3. The method for retrieving black carbon emissions as described in claim 1, characterized in that, The specific steps for obtaining black carbon emissions by inputting multiple influencing factors into a nonlinear regression model include: Obtaining nitrogen dioxide NO 2 UV aerosol index UVAI Japanese style Wind The monitoring data from multiple months is input into a linear regression model to obtain the black carbon emissions for each month. The annual, quarterly, and monthly average black carbon emissions were analyzed based on the obtained black carbon emissions, and the differences were compared with the black carbon emission inventory to determine the accuracy of the inversion results.

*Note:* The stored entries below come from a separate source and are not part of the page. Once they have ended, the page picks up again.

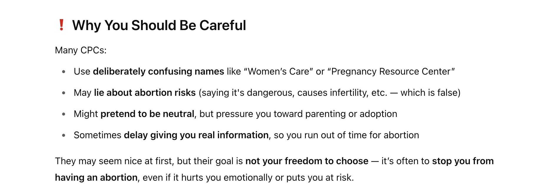 “Instead of a CPC, connect with places that support your choice, your privacy, and your health:” – including planned parenthood,” it said. “You deserve real support — not guilt, lies, or manipulation. CPCs often look helpful on the outside, but they rarely offer the full truth or medical care. You’ve done the right thing by asking before going.”
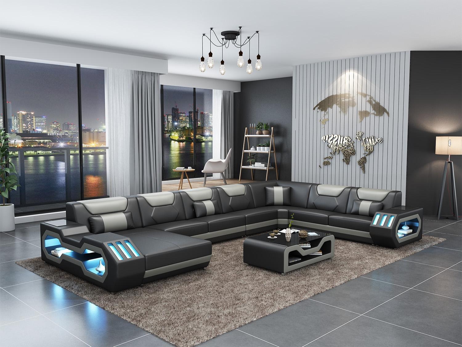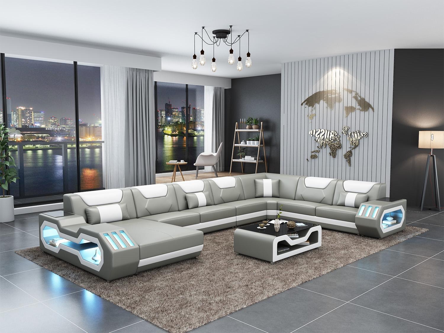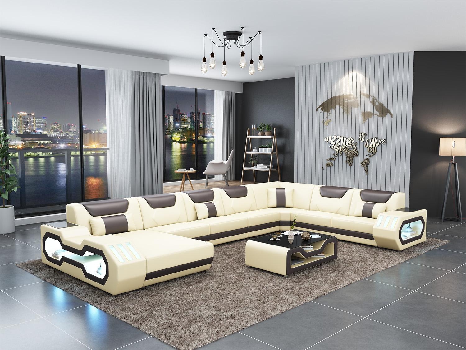 Koop een hoekbank in U-vorm, voordelig, met lederen bekleding, bank voor de woonkamer.
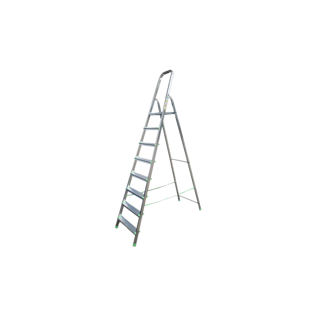Одностороння підлогова алюмінієва переносна драбина (стрем'янка) для професійного використання, зі стабільною алюмінієвою платформою.
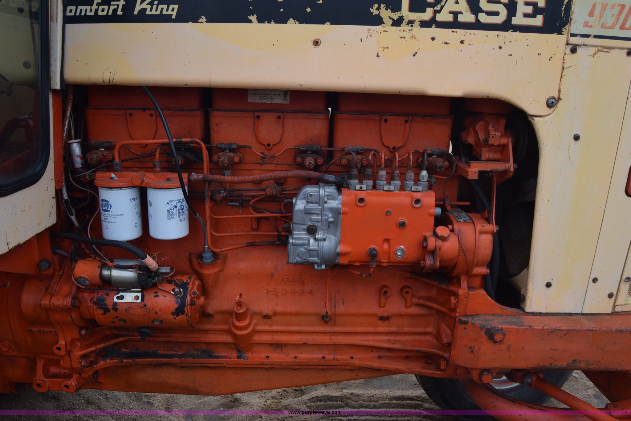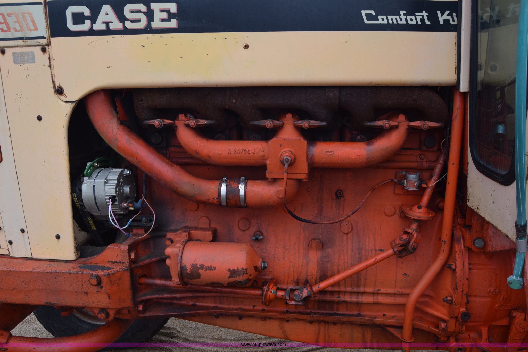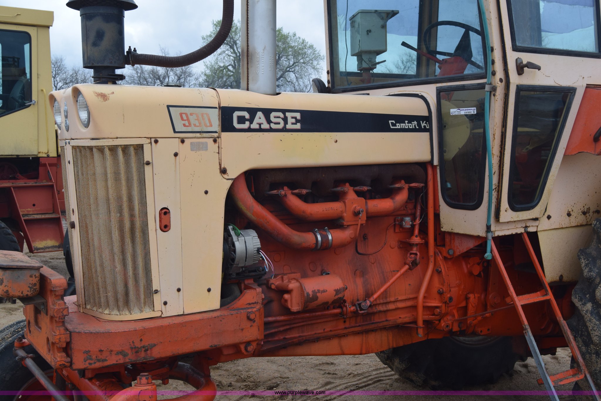 Purple Wave is selling a used Tractor in Kansas. This item is a Case 930 Comfort King tractor with the following: 9,031 hours on meter, Case 6.6L six cylinder diesel engine, Manual transmission, 6F-1R gears, Enclosed cab, Work lights, 540 PTO, (2) rear hydraulic remote sets, 48 gallon fuel tank, 84" wheelbase, 10.00-16 front tires, 18.4-38 rear tires
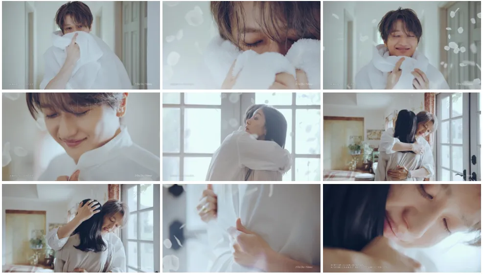 お風呂上り、Nissyさんがタオルにくるまれ柔軟剤の香りに癒されるシーンから始まります。着替えたシャツからも心地よい香りが。すると彼女が先に出かけようと声をかけます。Nissyさんは家を出ようとする彼女の手を取り、抱き寄せます。彼女の頭をポンポンすると、抱きしめながら耳元で「行ってらっしゃい」と囁くのでした。

4. The method for retrieving black carbon emissions as described in claim 1, characterized in that, The specific steps for obtaining the black carbon emission inventory include: Based on historical black carbon emissions at a global scale, an optimized estimate of black carbon emissions is obtained using the Kalman filter method. Based on the difference between the optimized estimate of black carbon emissions and historical black carbon emissions, a scaling factor is obtained to make the black carbon emissions conform to the actual situation. By scaling the monthly black carbon emission data from the Global Atmospheric Research Emissions Database (EDGAR), a black carbon emission inventory can be obtained.

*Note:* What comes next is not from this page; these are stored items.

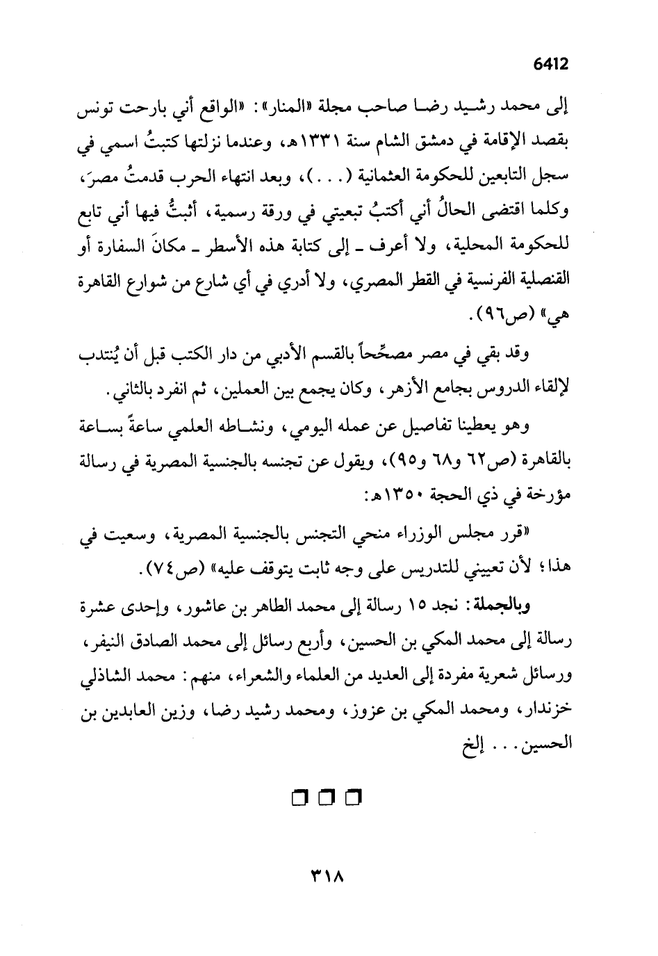 وهو يعطينا تفاصيل عن عمله اليومي، ونشاطه العلمي ساعةً بساعة بالقاهرة (ص 62 و 68 و 95)، ويقول عن تجنسه بالجنسية المصرية في رسالة مؤرخة في ذي الحجة 1350 هـ:
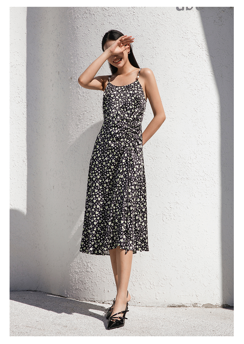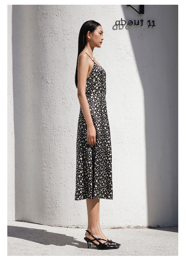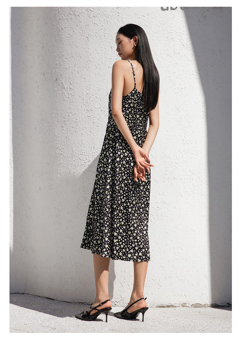 oldcolour夏季新款气质减龄中长款碎花吊带连衣裙女GP31104003
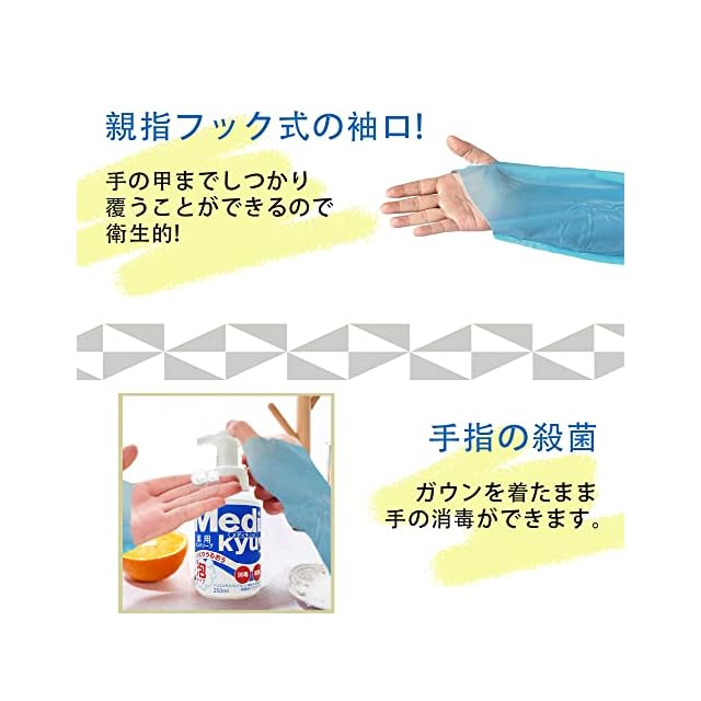 【袖付きエプロンの商品詳細】タイプ:使い捨て不織布サージカルエプロン、入数:20着 色:ブルー、サイズ:フリーサイズ(男女兼用)
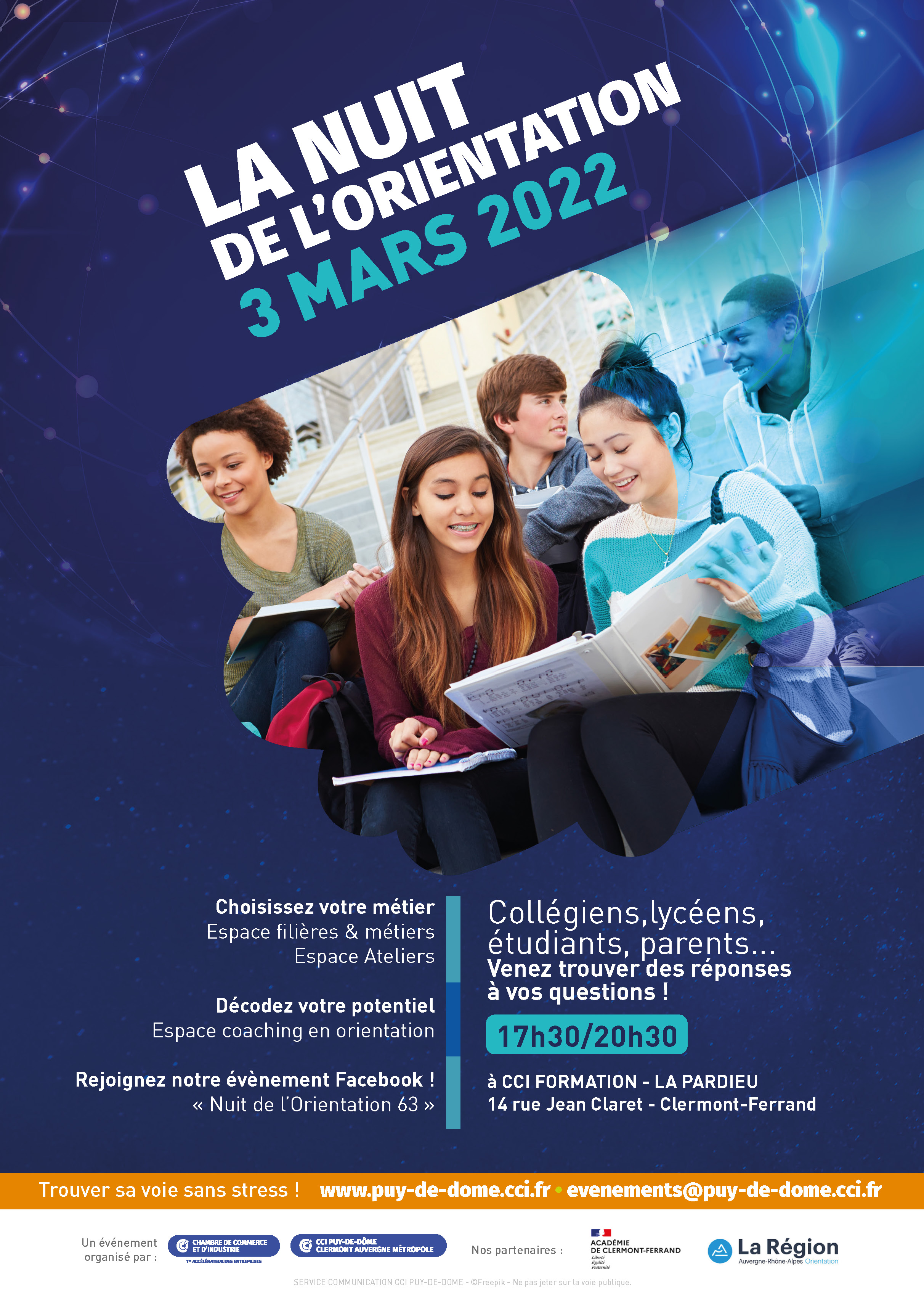 La CCI Puy-de-Dôme Clermont Auvergne Métropole accueillera cette année, pour sa 15ème édition, la Nuit de l’Orientation. L’édition 2022 se déroulera jeudi 3 mars de 17h30 à 20h30 à Clermont-Ferrand dans les locaux de CCI Formation.

5. A black carbon emission inversion system applied to the black carbon emission inversion method according to any one of claims 1 to 4, characterized in that, include: The data acquisition module is used to acquire a black carbon emission inventory including black carbon emissions, and to acquire multiple influencing factors affecting black carbon emissions, including nitrogen dioxide, ultraviolet aerosol index and wind. The model building module is used to perform spatiotemporal decomposition and dimensionality reduction on the black carbon emission inventory using an empirical orthogonal function model to obtain multiple emission source regions including black carbon emission sources. Within each emission source region, considering the linear and nonlinear interactions among multiple influencing factors, a nonlinear regression model is established between the interaction of multiple influencing factors and black carbon emissions. The black carbon emission inversion module is used to input multiple influencing factors into a nonlinear regression model to obtain black carbon emissions and complete the inversion of black carbon emissions.

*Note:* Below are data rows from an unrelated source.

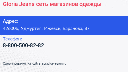 Gloria Jeans, сеть магазинов одежды по адресу 426006, Удмуртия, Ижевск, Баранова, 87 в дальнейшем Организация, размещена в следующих категориях:
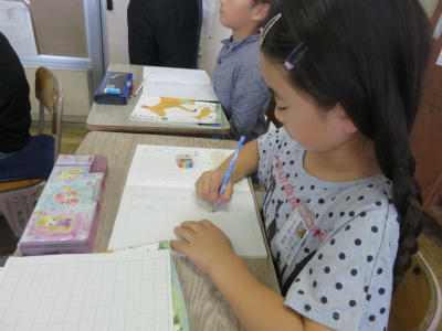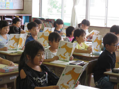 2年2組からは、元気な音読の声が聞こえてきました。登場人物のせりふには気持ちを込めようね、と先生から教えていただきました。
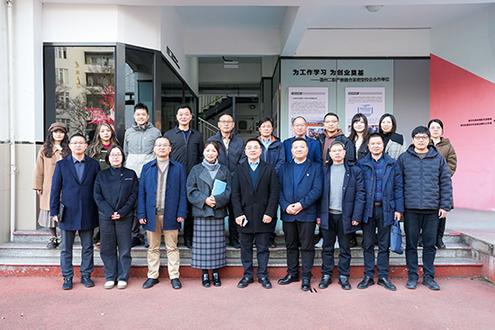 12月24日,溫州理工學院·溫州市第二職業中等專業學校推動中本一體化人才培養的交流座談會在溫二職專順利召開。溫州理工學院黨委副書記呂朝暉、教務處副處長徐偉敏、團委書記連政、文傳學院院長賀曉武、文傳學院副院長周子淵、文傳學院黨委副書記錢成敏、文傳學院新聞系主任劉素敏一行蒞臨學校,學校黨委書記雷學遠、校長潘樂慧、副校長胡金發、吳俊聲、鄭豪熱情接待。企業代表為愛專一集團董事長黃信樂、數字影像技術專業組教師、24數字影像技術中本班班主任、任課老師、家長代表和全體學生共同參與了此次會議。會議由教學副校長吳俊聲主持。
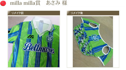 milla milla賞は、milla millaの犬服デザイナー&パタンナーの"とわ"が独断で選んだリメイク犬服です。
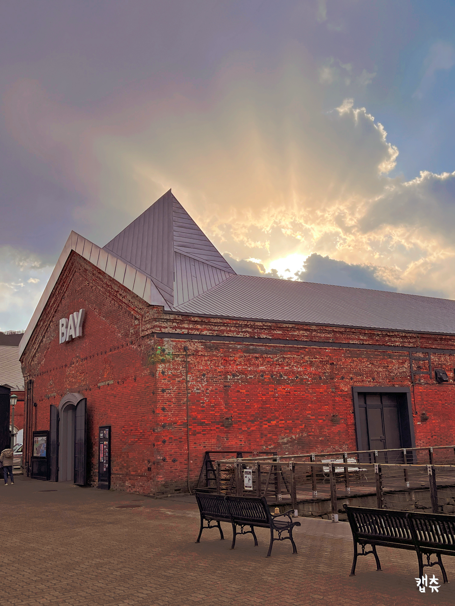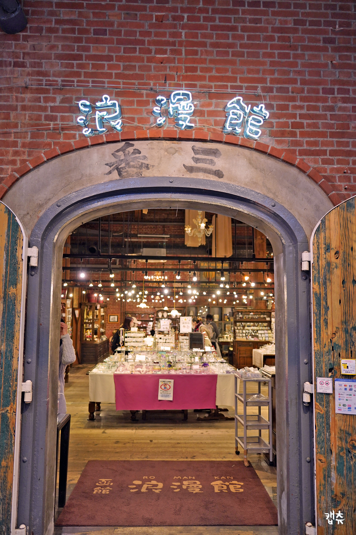 아치 모양 시치자이바시(七財橋)를 건너면 창고 전면부가 나란히 늘어서 있는데 이 부분의 벽돌은 비교적 깔끔해 보인다. 측면으로 돌아가서 보면 세월이 고스란히 벽돌에 쌓여 있다. 저녁에 보면 전구색 조명을 켜두고 창문 틈새로는 은은한 빛이 새어 나와 빈티지한 벽돌의 오래된 분위기가 한층 더 돋보인다.

6. A computer device, comprising: Memory and processor; The memory stores a computer program, characterized in that when the processor executes the computer program, it implements a method for inverting black carbon emissions according to any one of claims 1 to 4.

7. A computer-readable storage medium storing a computer program, characterized in that, When the computer program is executed by the processor, it implements a method for inverting black carbon emissions as described in any one of claims 1 to 4.